Top of Supplied records

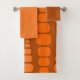 This towel set has a mid-century modern design of rounded rectangles in two shades of orange running vertically on a field of brown.
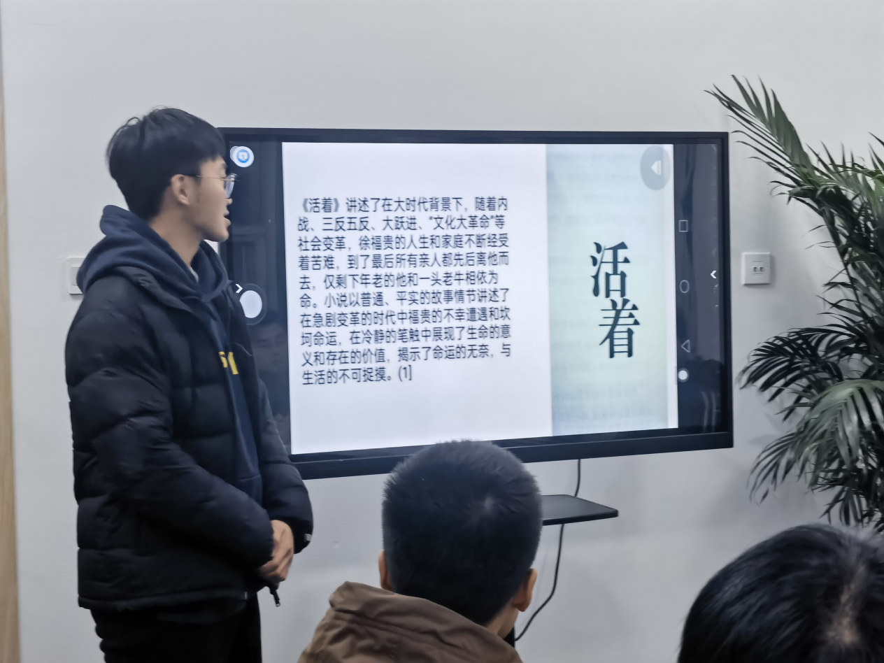 同学们通过PPT展示及诵读的方式依次分享自己喜爱的书籍以及读后感想,大家相互讨论并积极点评,无论是经典的文学作品《活着》、《骆驼祥子》,还是韵味无穷的《福尔摩斯探案集》等作品,都为现场的读者带来了一场精彩的听觉盛宴。
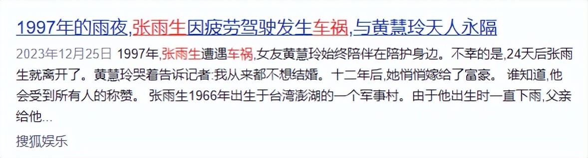 资料参考:2023-12-25搜狐娱乐——1997年的雨夜,张雨生因疲劳驾驶发生车祸,与黄慧玲天人永隔
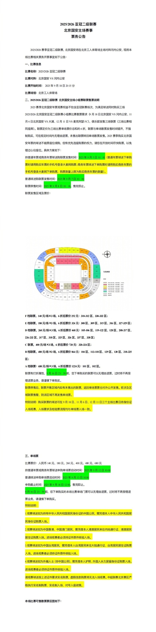 2025赛季亚冠二级联赛小组赛,北京国安主场对阵河内公安队的赛事将于北京工人体育场举行。现正式开放本场单场比赛及小组赛套票申购通道,具体售票安排请仔细查阅附图公告详情。
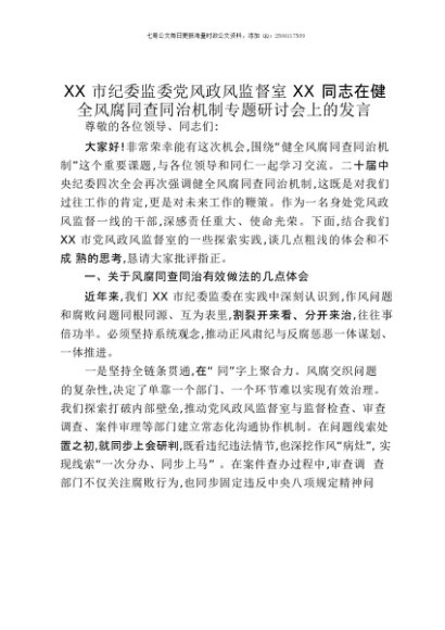 【七哥公文】2025年:XX市纪委监委党风政风监督室XX同志在健全风腐同查同治机制专题研讨会上的发言+更多免费公文+VX:QiGeGongWen2024
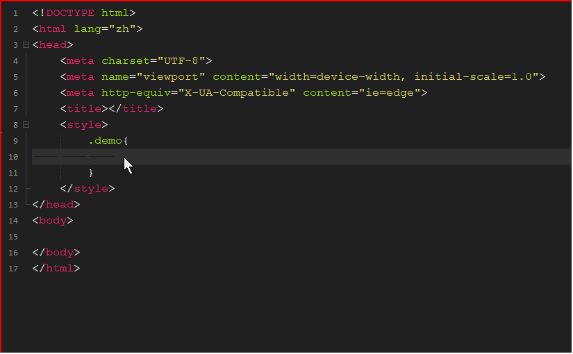 如果有些缩写你拿不准,Emmet 会根据你的输入内容匹配最接近的语法,比如输入 ov:h、ov-h、ovh 和 oh,生成的代码是相同的:
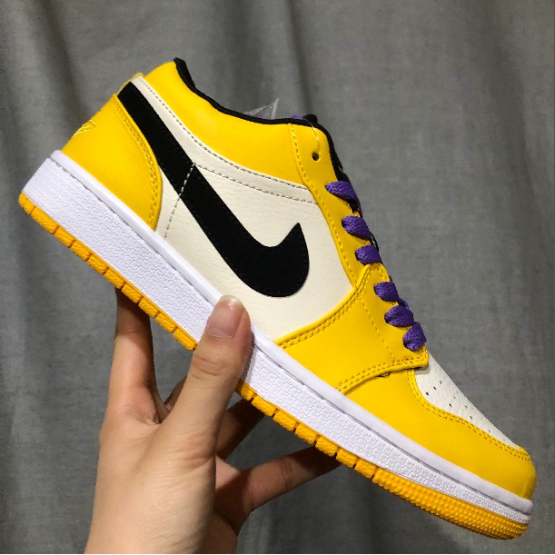 Air jordan 1 low lakers yellow. Royal purple makes its way onto the insoles shoelaces and on the small jumpman logo. Perfect for those still dreaming about the 2002 era three peat days the aj1 low features the teams signature yellow color across the upper panels of the shoe outsole bottom and on the jordan tongue label. Stay dripping in legendary purple and gold after copping the jordan 1 mid se lakers. Inherit the lakers championship dna after buying these on stockx today.
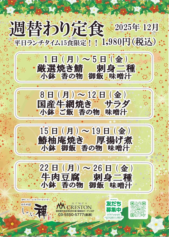 ***** お正月限定ランチメニュー2026年1月1日~1月3日 *****
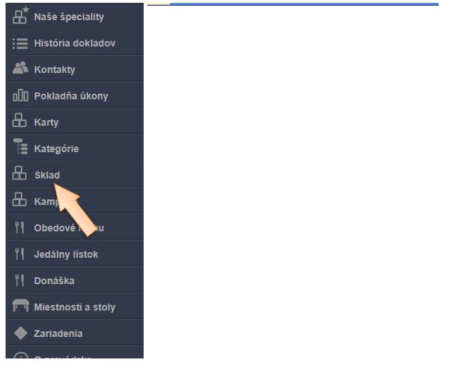 - Kliknite na možnosť Sklad v menu aplikácie.
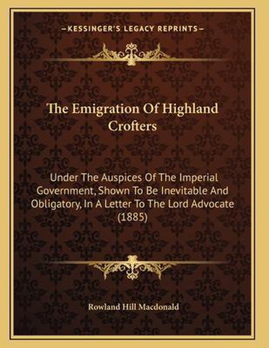 De meest gevonden boeken zijn The Emigration Of Highland Crofters Under The Auspices Of The Imperial Government en The Emigration Of Highland Crofters.
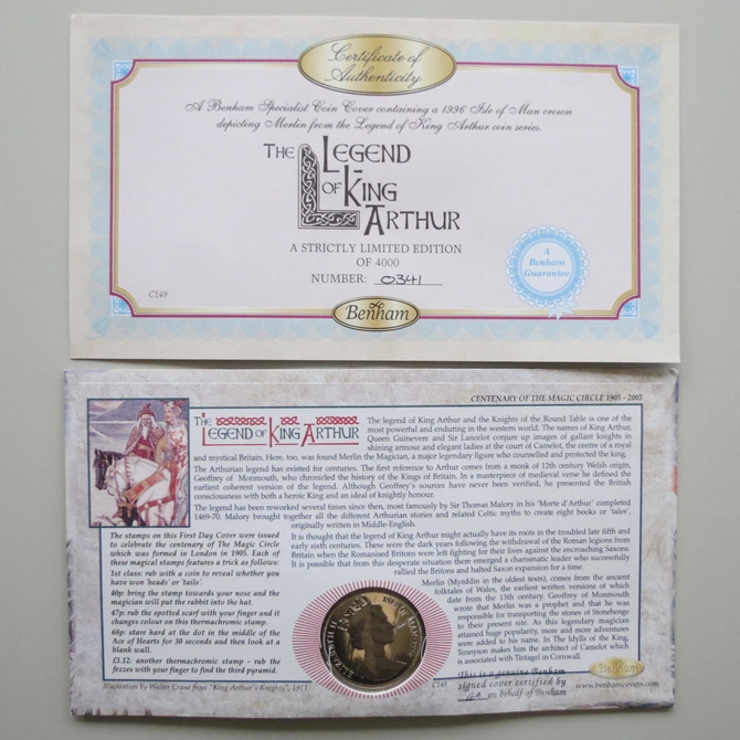 This 2005 Centenary of The Magic Circle 1 Crown coin cover is issued by Benham as Signed UK PNC First Day Covers. It hosts an Isle of Man one Crown coin and Royal Mail stamps. The FDC is hand signed by Cherie Lunghi. Postmark canceleed dated 15th March 2005.
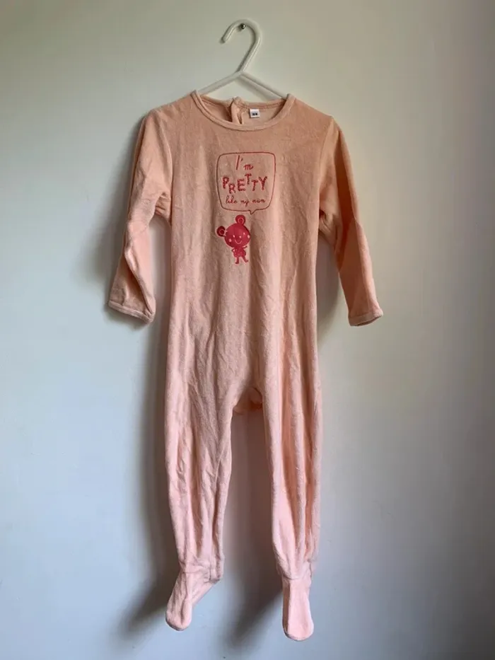 📏 Taille : 36 mois 🏷️ Marque : Inconnue 🎨 Couleur : Rose ✨ État : Très bon état 💬 Description : • Pyjama une pièce à manches longues 👕 et pieds intégrés 🧦 • Inscription “I’m pretty like my mum” 💖 • Fermeture par pressions dans le dos pour un habillage facile 👌 #oussama1418_36mois
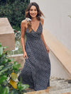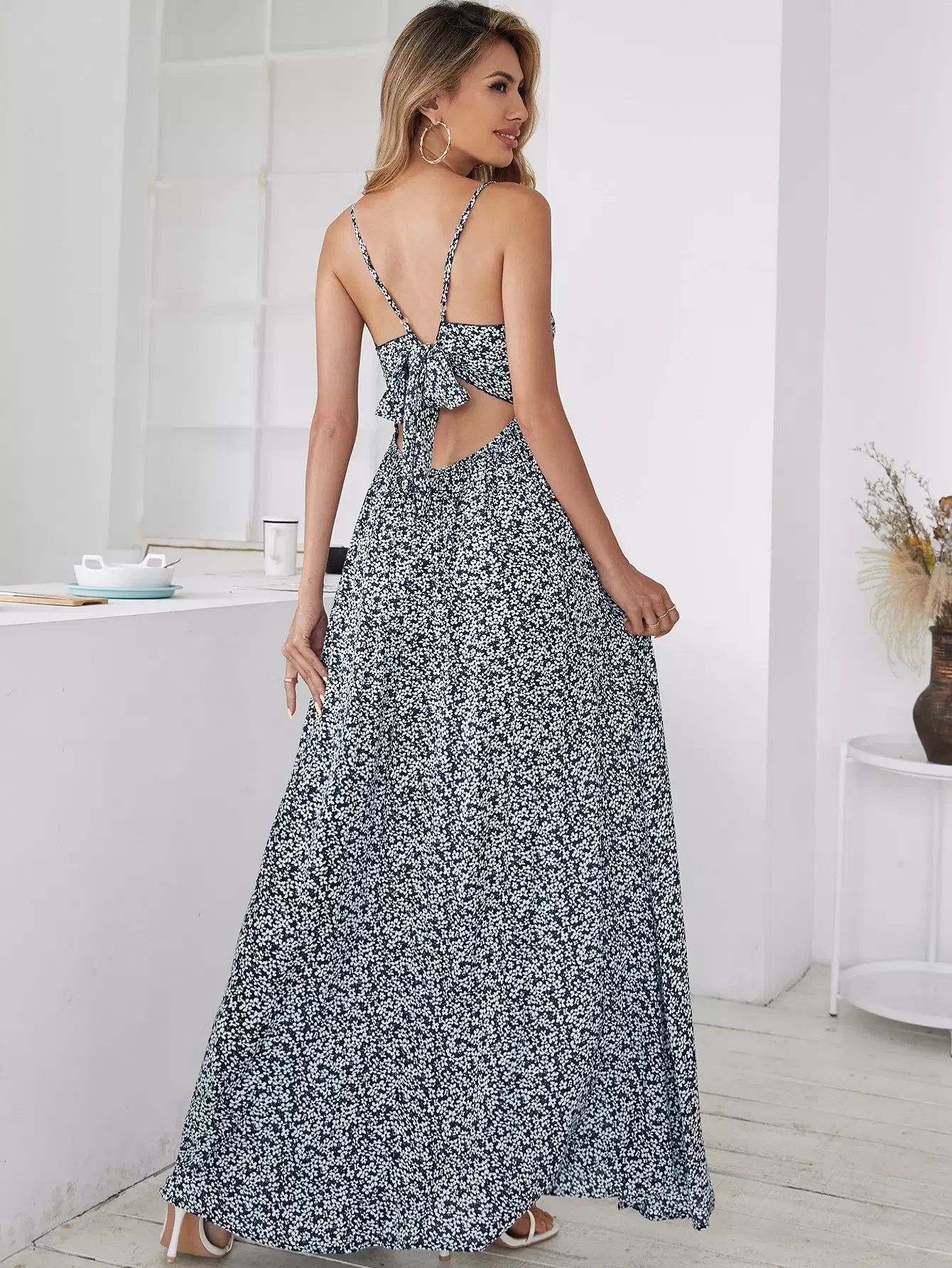 فستان قصير بياقة بربطة عنق برباط من الخلف مزين بالورود

Bottom of Supplied records

Required work → Although the records contain pictures, only the text should be copied, exactly as it stands.

Output below →
 This towel set has a mid-century modern design of rounded rectangles in two shades of orange running vertically on a field of brown.
 同学们通过PPT展示及诵读的方式依次分享自己喜爱的书籍以及读后感想,大家相互讨论并积极点评,无论是经典的文学作品《活着》、《骆驼祥子》,还是韵味无穷的《福尔摩斯探案集》等作品,都为现场的读者带来了一场精彩的听觉盛宴。
 资料参考:2023-12-25搜狐娱乐——1997年的雨夜,张雨生因疲劳驾驶发生车祸,与黄慧玲天人永隔
 2025赛季亚冠二级联赛小组赛,北京国安主场对阵河内公安队的赛事将于北京工人体育场举行。现正式开放本场单场比赛及小组赛套票申购通道,具体售票安排请仔细查阅附图公告详情。
 【七哥公文】2025年:XX市纪委监委党风政风监督室XX同志在健全风腐同查同治机制专题研讨会上的发言+更多免费公文+VX:QiGeGongWen2024
 如果有些缩写你拿不准,Emmet 会根据你的输入内容匹配最接近的语法,比如输入 ov:h、ov-h、ovh 和 oh,生成的代码是相同的:
 Air jordan 1 low lakers yellow. Royal purple makes its way onto the insoles shoelaces and on the small jumpman logo. Perfect for those still dreaming about the 2002 era three peat days the aj1 low features the teams signature yellow color across the upper panels of the shoe outsole bottom and on the jordan tongue label. Stay dripping in legendary purple and gold after copping the jordan 1 mid se lakers. Inherit the lakers championship dna after buying these on stockx today.
 ***** お正月限定ランチメニュー2026年1月1日~1月3日 *****
 - Kliknite na možnosť Sklad v menu aplikácie.
 De meest gevonden boeken zijn The Emigration Of Highland Crofters Under The Auspices Of The Imperial Government en The Emigration Of Highland Crofters.
 This 2005 Centenary of The Magic Circle 1 Crown coin cover is issued by Benham as Signed UK PNC First Day Covers. It hosts an Isle of Man one Crown coin and Royal Mail stamps. The FDC is hand signed by Cherie Lunghi. Postmark canceleed dated 15th March 2005.
 📏 Taille : 36 mois 🏷️ Marque : Inconnue 🎨 Couleur : Rose ✨ État : Très bon état 💬 Description : • Pyjama une pièce à manches longues 👕 et pieds intégrés 🧦 • Inscription “I’m pretty like my mum” 💖 • Fermeture par pressions dans le dos pour un habillage facile 👌 #oussama1418_36mois
 فستان قصير بياقة بربطة عنق برباط من الخلف مزين بالورود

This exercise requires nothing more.